Os riscos de ocultar a verdade são muito maiores do que a revelação, porque a criança acaba por saber a verdade por alguém fora da família, o que leva a uma importante quebra de confiança nos seus pais adoptivos e a gerar uma crise de identidade.

A informação que se vai dando à criança deve ser adaptada ao seu nível de desenvolvimento (Brodzinsky et al, 1995). Para muitos autores (Hersov, 1990; Fuertes & Amorós, 1996), o processo da revelação deve começar entre os 2 e os 4 anos de idade, período em que as crianças recebem a informação com bastante naturalidade e tranquilidade, especialmente se for esta a forma como os pais transmitem a informação (Rodrigo & Palácios, 1998). As crianças nesta idade ainda não têm uma ideia muito precisa sobre o que é uma família e por isso podem falar de si próprios como adoptados sem necessariamente entender realmente o que isso significa. Os pais adoptivos preocupam-se com a forma como a criança vai assimilar esta informação e como é que isso irá afectar o seu ajustamento e as relações familiares.
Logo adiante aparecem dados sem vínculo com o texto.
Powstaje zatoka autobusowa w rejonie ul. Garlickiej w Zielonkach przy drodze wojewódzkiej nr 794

A partir dos 7, 8 anos as crianças têm uma representação mais completa do conceito de família e tomam consciência do que significa ser adoptado. Compreendem que pertencem à sua família adoptiva mas também que, se ganharam uma nova família, perderam outra.

Ninguém deve ter o direito de apagar uma parte de nós, mesmo que seja uma parte menor. A revelação feita de forma adequada vai ajudar a cimentar a relação pais/filhos, adoptante/adoptado ao invés de as separar. São as mentiras e os segredos que destroem as relações.
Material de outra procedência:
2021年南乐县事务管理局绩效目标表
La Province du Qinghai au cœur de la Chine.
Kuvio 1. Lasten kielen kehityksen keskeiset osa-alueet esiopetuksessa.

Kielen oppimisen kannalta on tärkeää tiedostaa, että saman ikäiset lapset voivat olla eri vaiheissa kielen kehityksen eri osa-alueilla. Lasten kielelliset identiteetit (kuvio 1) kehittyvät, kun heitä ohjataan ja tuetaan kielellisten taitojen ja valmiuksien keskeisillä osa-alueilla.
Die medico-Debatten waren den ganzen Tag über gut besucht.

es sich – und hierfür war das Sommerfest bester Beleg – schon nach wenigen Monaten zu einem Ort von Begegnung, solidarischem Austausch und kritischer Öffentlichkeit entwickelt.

Contudo, não é suficiente para o adoptado saber que o é. A criança precisa de saber gradualmente a sua história passada, a sua herança cultural, as suas raízes, e os pais têm de preparar-se para responder e dar suporte a estas questões. Todas estas informações e a forma como são dadas estão ligadas à formação da identidade e ao auto-conceito (Triseliotis et al., 1997).

A criança adoptada tem necessidade de saber quem é e, para que essa busca de identidade seja realizada de forma satisfatória, tem de ter resposta a perguntas como: “Porque é que eu fui para adopção?”, “Quem eram os meus pais biológicos e que tipo de pessoas eram?”, “Será que fui amado antes de ser entregue para a

adopção?” e, finalmente, têm de encontrar em si próprios a resposta à questão “Quem sou eu?”.
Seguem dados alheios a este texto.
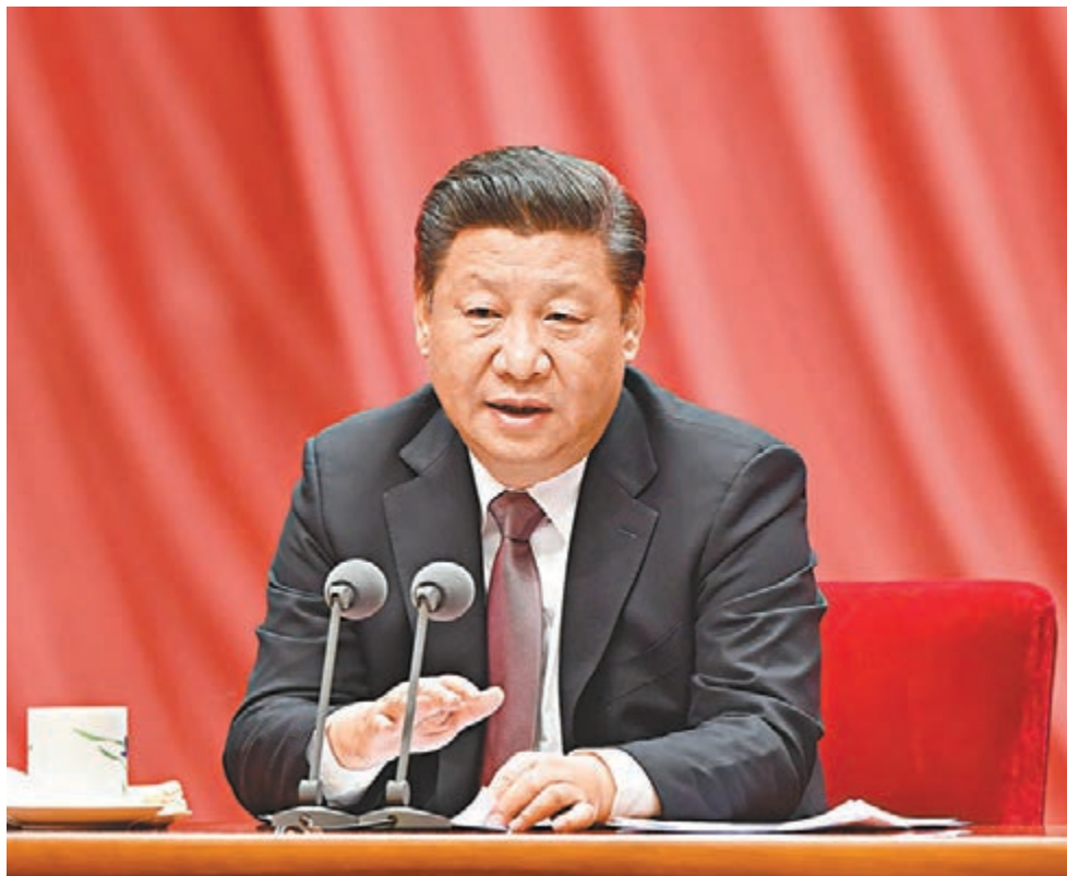
■ 習近平在十八屆中央紀委七次全會上發表重要講話。

習近平強調，黨的高級幹部要做嚴肅黨內政治生活的表率，始終把握正確政治方向，堅持政治立場和政治原則，遵守政治

O sentimento de perda e rejeição que a adopção envolve, o sentimento de não ter sido amado ou desejado pelos pais biológicos, pode ser uma experiência traumática e ter um impacto na sua auto-estima e no seu auto-conceito. Surgem, por vezes, sentimentos de zanga e raiva pelo que aconteceu. Mas sabe-se que esses sentimentos ou a força desses sentimentos de raiva e zanga estão relacionados com acontecimentos da sua vida depois da adopção. Assim sendo, o amor e o cuidado dos pais adoptivos, a relação estabelecida, têm um papel muito importante na cura destas feridas.

A qualidade das relações familiares, a informação e o conhecimento sobre o passado, as atitudes favoráveis do meio e a resolução bem sucedida dos sentimentos de perda e rejeição, todos estes factores contribuem para a formação da personalidade e identidade da pessoa adoptada (Triseliotis et al., 1997).

Muito embora os processos psicológicos envolvidos no processo de adopção sejam complexos, a experiência mostra que a adopção é, na realidade, a melhor alternativa para as crianças que são privadas da sua família de origem e que as crianças adoptadas conseguem, na sua maioria, ultrapassar com sucesso as “tarefas psicológicas” acrescidas com que se defrontam e, na grande maioria dos casos, a criança estabelece ou restabelece com os pais adoptivos laços afectivos fortes, próprios de uma verdadeira relação de filiação.